Provide the patient with a comfortable and workable environment.

1) Explain/Define Huntington’s disease. Define Huntington’s disease.

Huntington’s disease is a chronic, progressive, hereditary central nervous system disorder that causes degeneration of brain cells, the cerebral cortex, and the basal ganglia, leading to symptoms such as chorea (= involuntary and irregular movement’s) and dementia.

Huntington’s disease is also known as Huntington’s Corea, Hereditary Corea, Chronic progressive Corea, and Adult corea.

Huntington’s disease was first described in 1872 by American doctor George Huntington.

2) Explain the Etiology/ cause of the patient with the Huntington’s disease. Give the causes of Huntington’s disease.

The exact cause of Huntington’s disease is unknown.

There is a family history of the disease.

Age:= people between the age of 25 to 55.

Gender:= Affecting the man and women equally.

3) Explain the clinical manifestation/ sign and symptoms of the patient with Huntington’s disease. Describe the symptoms and signs of a patient with Huntington’s disease.

Mild tremor,

Involuntary movements (Corea),

Involuntary coordination and balance.

Bready kinesia (slow voluntary movements).

Muscle rigidity.

Memory impairment.

Concentration and attention are reduced.

Judgement is impaired.

Depression.

Anxiety.

Irritability

Mood swings.

Weight loss.

Sleep disturbances.

Speech and swallowing difficulties.

Irritability.

Sort memory problems.

Mood changes.

Gait, posture and balance are impaired.

Cognitive problems are observed.

Psychiatric disorders.

Moment disorders.

4) Explain the diagnostic evaluation of the patient with Huntington’s disease. Explain the diagnostic evaluation of a patient with Huntington’s disease.

History tacking and physical examination.

Genetic testing.

Laboratory tests.

Blood tests.

Computed tomography (CT scan).

Magnetic Resonance Imaging ( MRI ).

Electroencephalogram ( EEG ).

Positron Emission Tomography ( PET Test).

Genetic Counseling or Testing.

5) Explain the medical management of the patient with Huntington’s disease. Explain the medical management of a patient with Huntington’s disease.

Medical management is to minimize symptoms and prevent complications.

Provide Tetrabenazine and medication to the patient.

This medication reduces the involuntary movements (Corea) that occur in Huntington’s disease.

The patient Provide Clonazepam medication.

This medication helps control the hallucinations and delusions that the patient is experiencing.

Provide the patient with antidepressant medication.

Ex:=
Esitalopram,( Lexapro)
Fluoxitine
( Prozac, Sarafem),
Sertaline ( Zoloft).

Provide the patient with antiparkinsonism medication To do.

Ex:= Levodopa.

Provide tranquilizer meditation to relieve the patient’s anxiety.

If the patient is experiencing mood swings, then provide lithium therapy.

Provide the patient with a proper mood stabilizing drug.

If the patient has a condition of convulsion Provide anticonvulsant medication.

Ex:=
Valporic Acid,
Divalproex,
Lamotrigine.

Provide proper physical therapy to the patient.

Physical therapy is mainly used to improve mobility, balance, and coordination. Providing physical therapy can prevent muscle stiffness and contractures.
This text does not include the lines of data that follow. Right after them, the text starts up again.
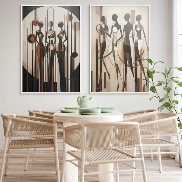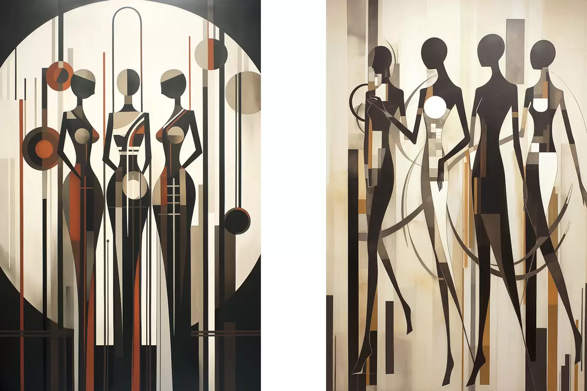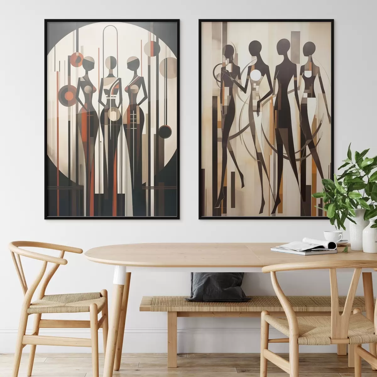 Постер на стіну Стилізовані жіночі фігури з геометричними елементами на абстрактному тлі з вертикальних ліній і кіл Nr d01237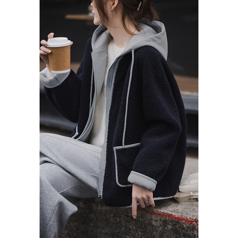 Small grain Irish coat contrasting color imitation lambswool top women's winter new casual versatile hooded fake two pieces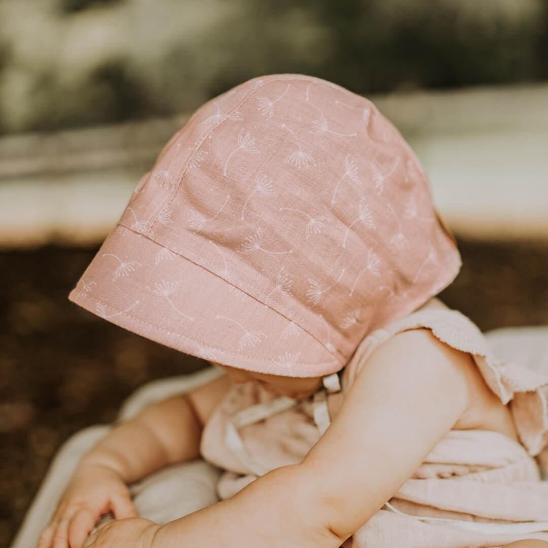 It?s hard to resist blowing a dandelion! These ones are already on their way, floating across a pale pink backdrop? A simply sweet print for those who love a subtle pattern. Reverse is the perfect neutral Flax ? guaranteed to go with everything! Frances is available in Baby Flap Hat, Bonnet, Panelled Bucket and Ladies Sun Hat.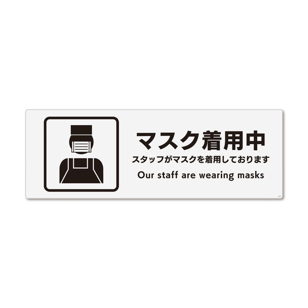| 商品の特徴 | 店内など人が密集する場所に!スタッフのマスク着用をPRするための案内標識サインステッカー。 | ||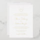 Faire-part de mariage en feuille d'or classique et classique avec une crête mariage avec votre monogramme à l'intérieur d'une couronne avec vos noms dans un script / calligraphie. Tous les éléments de conception sur le devant sont en véritable feuille d'or. Cette invitation simple mais élégante est idéale pour un mariage formel.
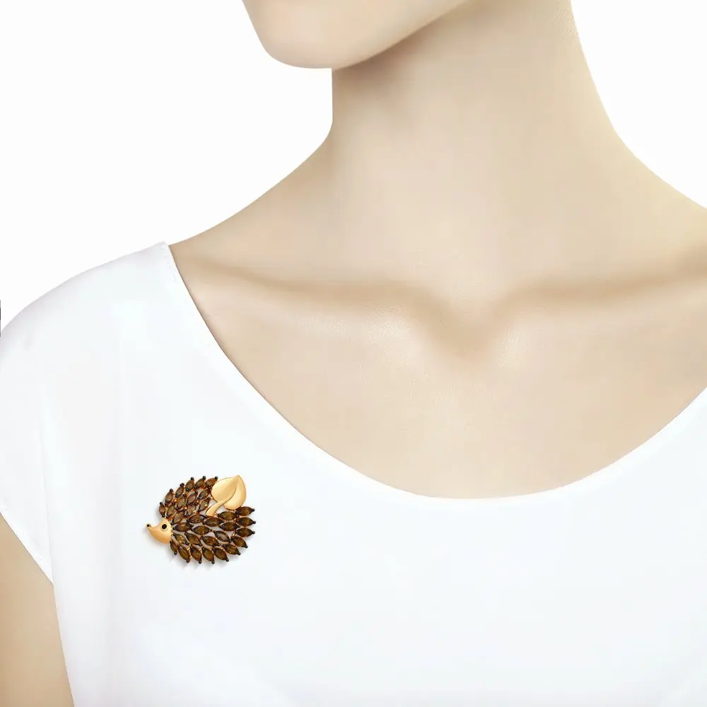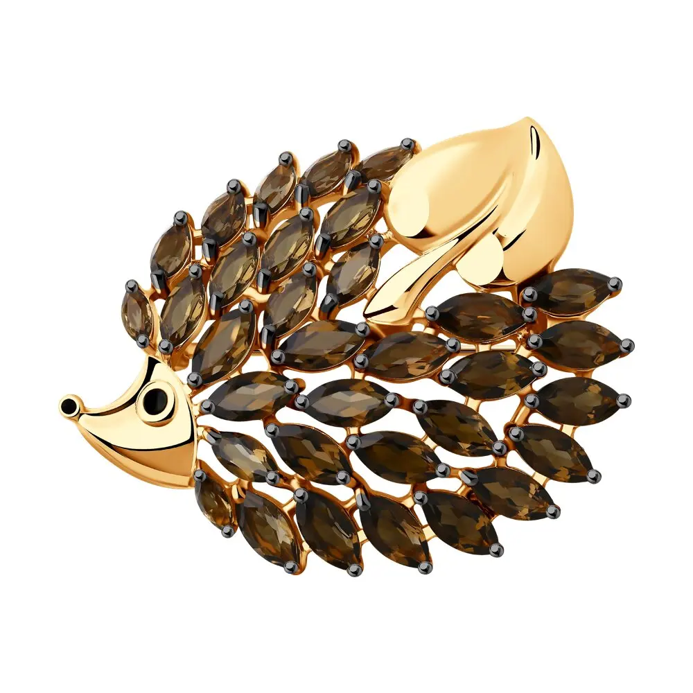Брошь Ёжик с раухтопазами SOKOLOV, Серебро, 925, Оригинальная продукция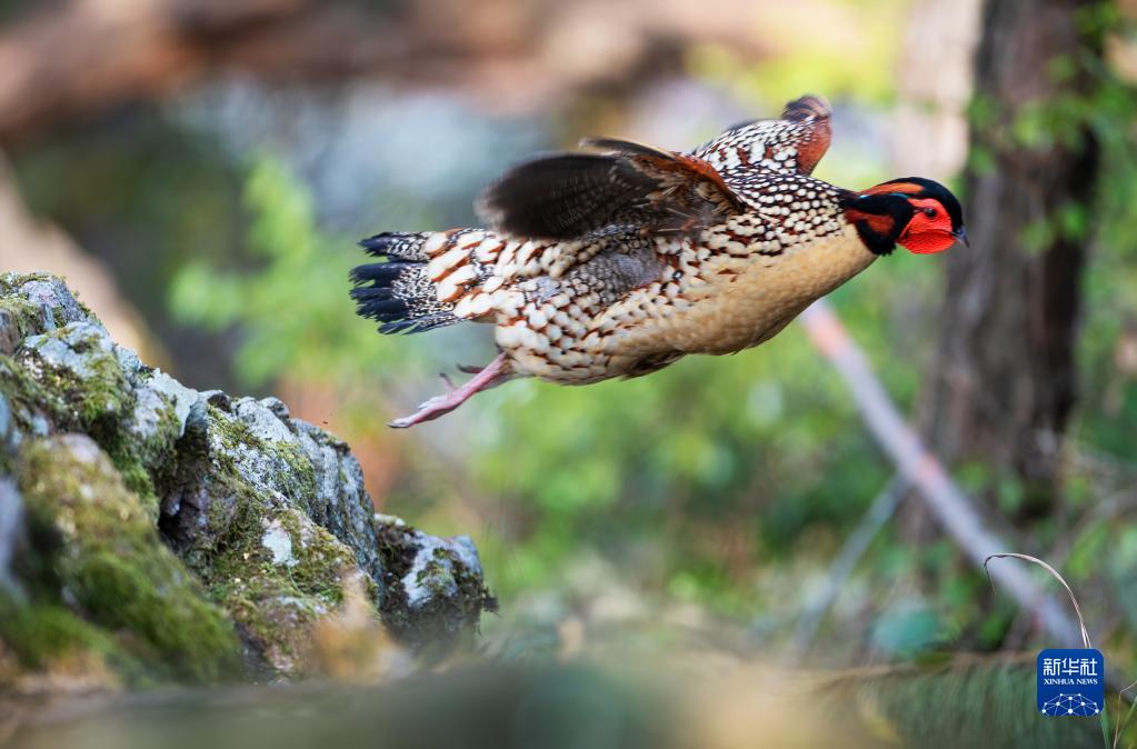 3月11日,在福建省建甌市小橋鎮梨山,一只黃腹角雉從巖石上躍起。

Providing occupational therapy to the patient appropriately.

Occupational therapy can help the patient improve their daily living activities and gain independence, such as eating, bathing, dressing, and grooming.

Providing speech therapy to the patient appropriately.

Speech therapy helps the patient to communicate properly.

Provide proper nutritional support to the patient.

Provide proper psychological support to the patient.

Proper genetic counseling to the patient.

6) Explain the Nursing management of patients with the Huntington’s disease. Explain the nursing management of a patient with Huntington’s disease.

Properly assess the patient.

Properly provide safety measures to the patient.

Properly provide nutritional support to the patient.

Properly provide psychological support to the patient.

Provide complete information to the patient about his disease, its causes, its symptoms and signs and its treatment.

Advise the patient to take proper medication.

Advise the patient to take regular follow-up.

Provide proper work and comfortable environment to the patient.

1) Explain/Define Muscular Dystrophy. Define muscular dystrophy.

Muscular dystrophy is a group of genetic (inherited) disorders in which skeletal muscles, There is progressive degeneration (muscle weakness and muscle mass loss) of the muscles responsible for movement. This disease is mainly caused by mutations in genes responsible for the structure and function of muscles. And it also involves the heart and nervous system.

This condition causes muscle wasting, loss of body strength, difficulty in mobility and impairment of other body functions.

2) Explain the types/ Classification of the Muscular Dystrophy. State the types and classification of muscular dystrophy.

There are a total of nine types of muscular dystrophy.

1) Duchenne Muscular Dystrophy (DMD)

Duchenne muscular dystrophy is mainly seen in the childhood period i.e. within the age of five years and is more common in male children. In this type of muscular dystrophy, when a person reaches the age of 12, he needs braces to walk. And their life span is 15 – 45 years.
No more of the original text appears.